Monday, July 14, 2014

IBM Looks To “Post-Silicon” Era To Continue Moore's Law


 Moore's Law
IBM has announced it is investing $3 billion for R&D in two research programs to push the limits of chip technology and extend Moore’s law. The research programs are aimed at “7 nanometer and beyond” silicon technology and developing alternative technologies for post-silicon-era chips using entirely different approaches.




IBM has announced it is investing $3 billion over the next 5 years in two broad research and early stage development programs to push the limits of chip technology needed to meet the emerging demands of cloud computing and Big Data systems. These investments will push IBM's semiconductor innovations from today’s breakthroughs into the advanced technology leadership required for the future.

The first research program is aimed at so-called “7 nanometer and beyond” silicon technology that will address serious physical challenges that are threatening current semiconductor scaling techniques and will impede the ability to manufacture such chips.

The second is focused on developing alternative technologies for post-silicon era chips using entirely different approaches, which IBM scientists and other experts say are required because of the physical limitations of silicon based semiconductors.

IBM will be investing significantly in emerging areas of research including carbon nanoelectronics, silicon photonics, new memory technologies, and architectures that support quantum and cognitive computing.

"The question is not if we will introduce 7 nanometer technology into manufacturing, but rather how, when, and at what cost?"

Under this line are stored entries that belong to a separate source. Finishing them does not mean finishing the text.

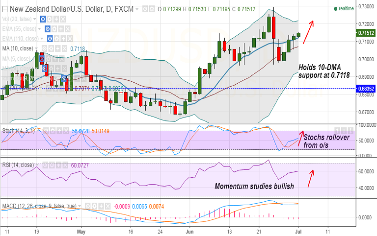 Recommendation: Good to go long on dips around 0.7145/50, SL: 0.71, TP: 0.7190/ 0.72/ 0.7220
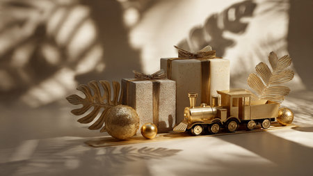 golden christmas decoration with train and gift box on green background
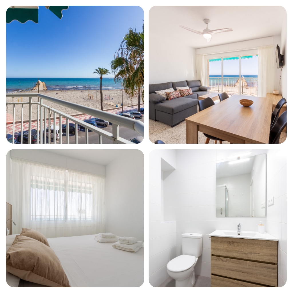 AQUÍ NO VIENES SOLO A DORMIR FRENTE AL MAR, VIENES A VIVIRLO. ✨ Despierta cada mañana con un horizonte infinito sobre el mar Mediterráneo. Espectacular apartamento de 140 m² en primera línea de playa, disfrutarás de vistas panorámicas desde dos terrazas, amaneceres que pintan el cielo de naranja y atardeceres que te invitan a una copa en familia o con amigos. Ideal para grupos grandes o familias (hasta 10 personas), es el lugar perfecto para crear recuerdos inolvidables en la Costa Blanca.
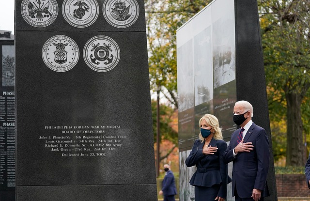 같은 날 바이든 당선인은 펜실베이니아주 필라델피아의 한국전쟁 참전 기념비를 방문해 헌화했다고 AP통신, NBC 등 현지 언론이 전했다.
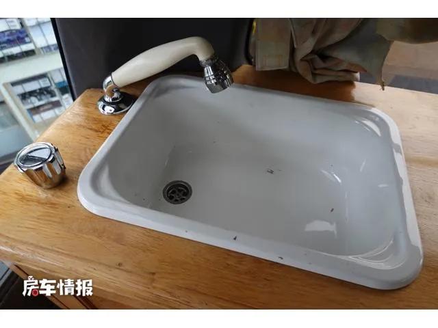 厨房在车内左侧,是一个大的木质柜子,上面有一个陶瓷洗手池,旁边还有空间很大的操作台,下面有很多大小不一的储物柜和抽屉,可以存放很多厨具和出行时所需的食物。只需要携带一个便携式卡炉就可以做饭炒菜了,不过建议您在户外炒菜,因为车内空间毕竟有限,油烟容易污染到车内的环境。
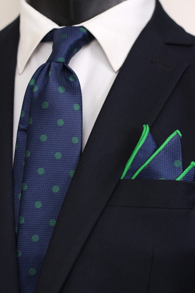 A sophisticated tie and accessory set featuring a classic navy blue background with a distinctive dot pattern. The pocket square is accented with a vibrant mint green border, creating a unique and modern look.
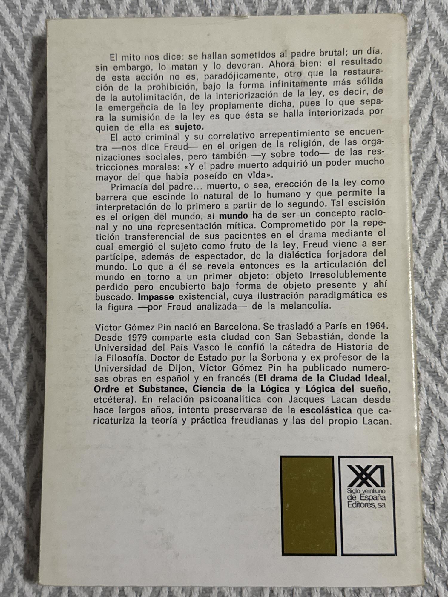 El autor explora el origen de la ley y su internalización en el ser humano a partir del mito del padre brutal: primero es sometido, luego asesinado, y paradójicamente tras su muerte adquiere más poder. Esta metáfora sirve para explicar cómo la prohibición interna (la ley interiorizada) surge del acto criminal y del arrepentimiento. La obra vincula este proceso con la religión, la moral, la organización social y la psicología del sujeto.
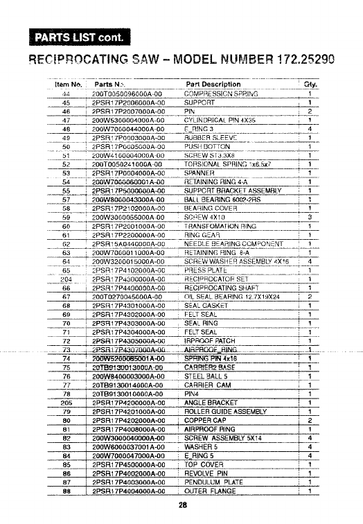 RECIPROCATING SAW - MODEL NUMBER !72.25290
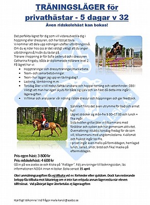 Ni kan läsa om alla aktiviteter här på hemsidan under fliken "Ridläger". All information hittar ni även på vår Facebook sida. Har ni frågor, kontakta kansli@asebo.se
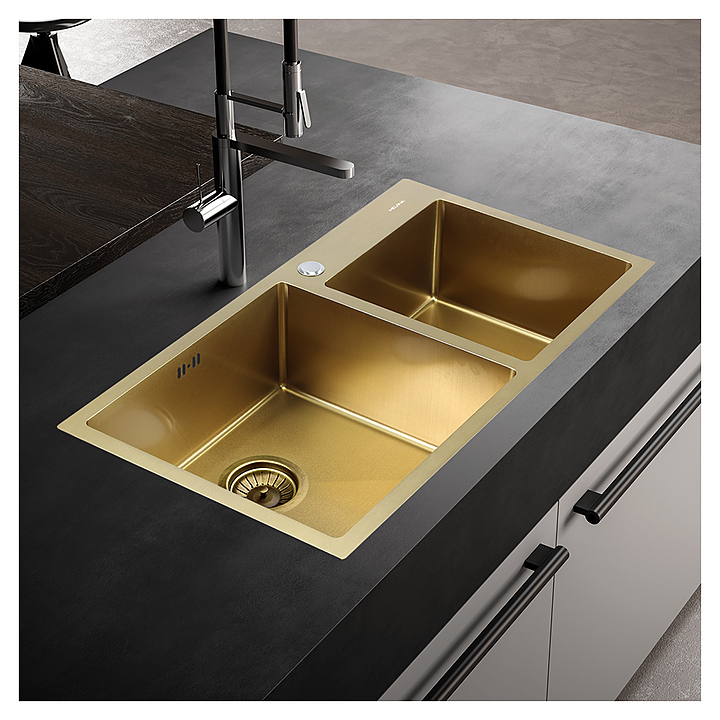 Кухонная мойка MELANA 7843 ProfLine S7843HG выполнена в современном стиле. Модель с одной основной чашей, в которой можно помыть сковородки, кастрюли, противни и другую посуду любого размера и дополнительной чашей меньшего размера. Корзинчатый вентиль, расположенный в сливном отверстии, выполняет функцию фильтра. Изделие выполнено нержавеющей стали с PVD-покрытием, которое придает мойке привлекательный вид, делает ее более долговечной и устойчивой к появлению царапин, а также способствует стеканию воды со стенок чаши. Двойной сифон с выводом для канализации и набор крепежей для базового способа установки входят в комплект поставки. Особенности:
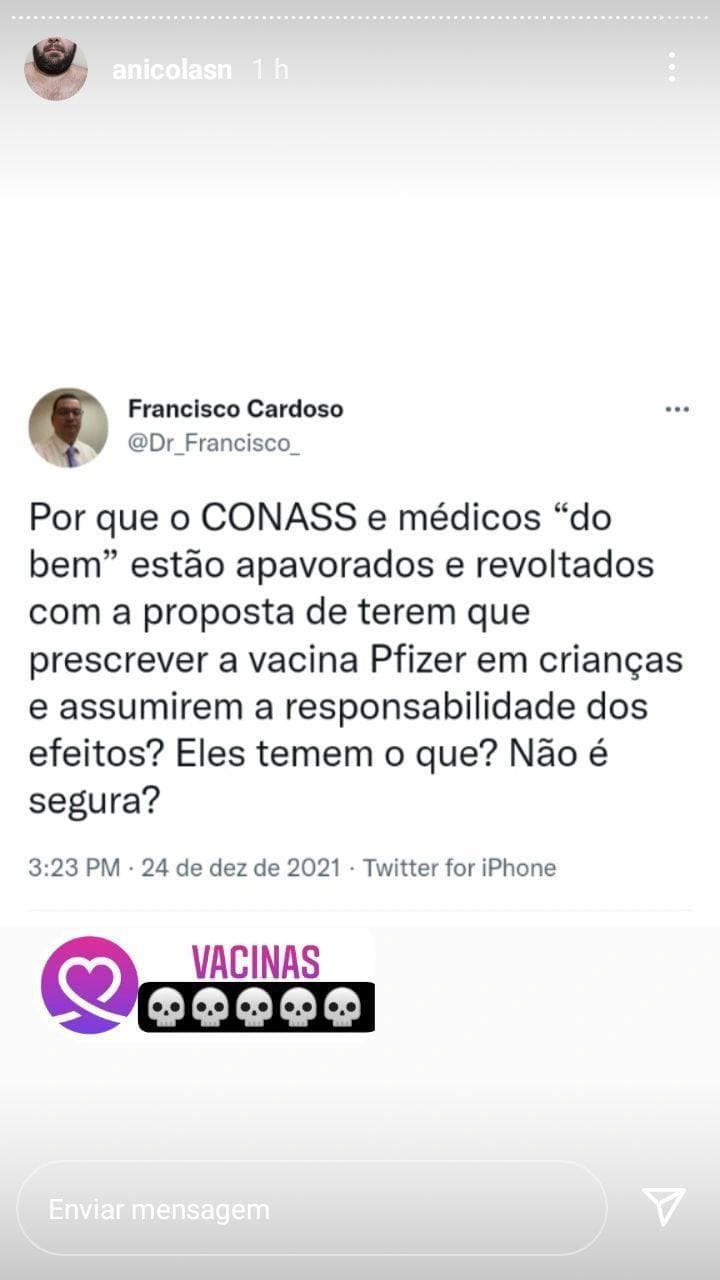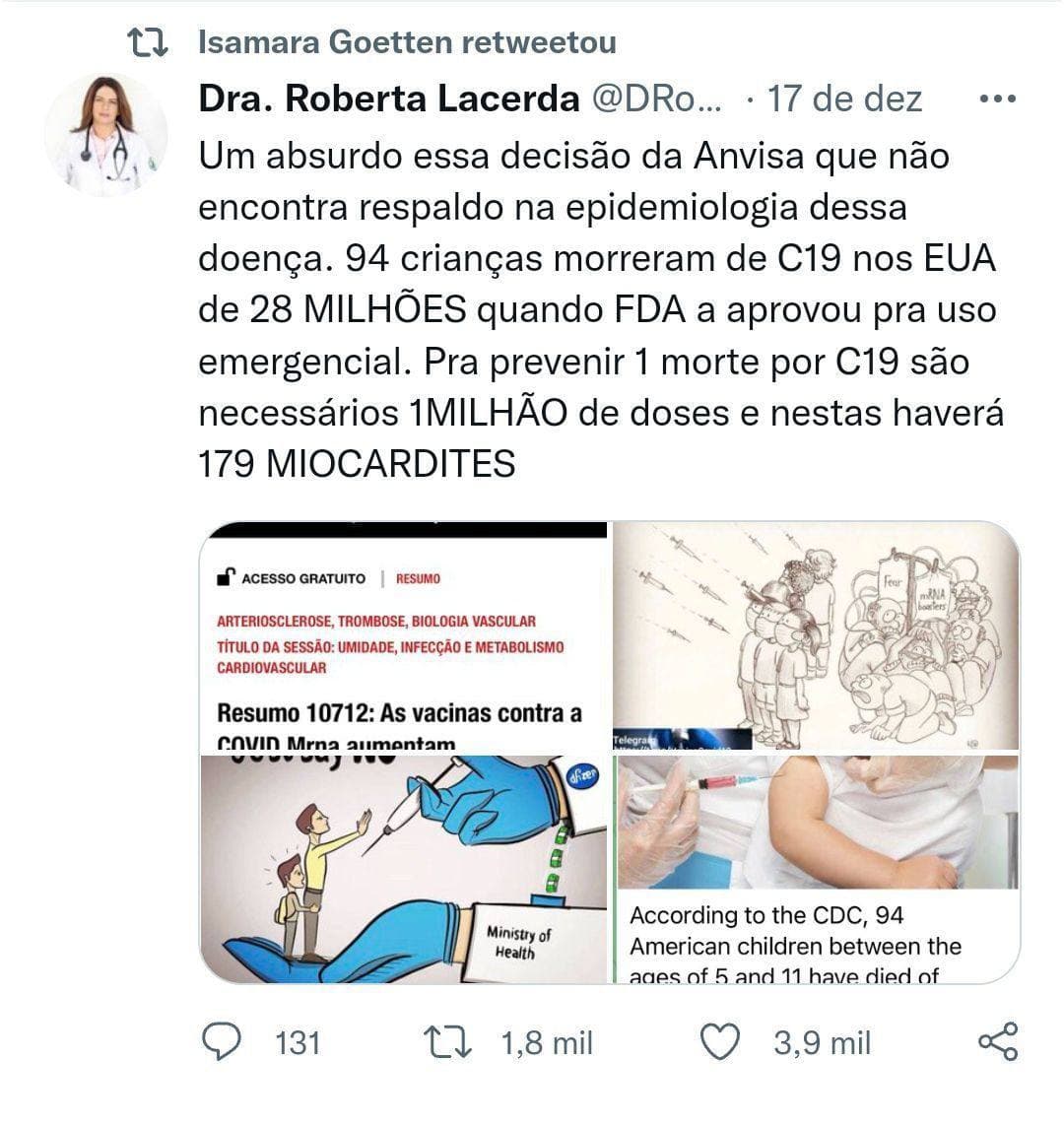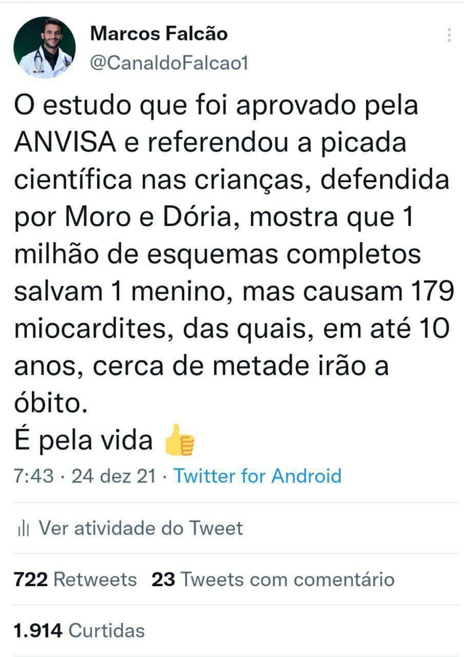 Não é o Presidente Jair Bolsonaro que “quer” prescrição médica para aplicação da vacina Pfizer em crianças. É a ANVISA. Acima em destaque a pág.2 do Parecer Público de Aprovação da Vacina Pfizer para 5-11 anos pela ANVISA. Não gostou? Reclame com o Diretor Barra Torres” — Dr. Francisco Cardoso, do Grupo Médicos pela Vida. No Telegram: t.me/medicospelavida

These teams will focus on providing orders of magnitude improvement in system level performance and energy efficient computing. In addition, the company will continue to invest in the nanosciences and quantum computing--two areas of fundamental science where IBM has remained a pioneer for over three decades.

IBM Researchers and other semiconductor experts predict that while challenging, semiconductors show promise to scale from today's 22 nanometers down to 14 and then 10 nanometers in the next several years.  However, scaling to 7 nanometers and perhaps below, by the end of the decade will require significant investment and innovation in semiconductor architectures as well as invention of new tools and techniques for manufacturing.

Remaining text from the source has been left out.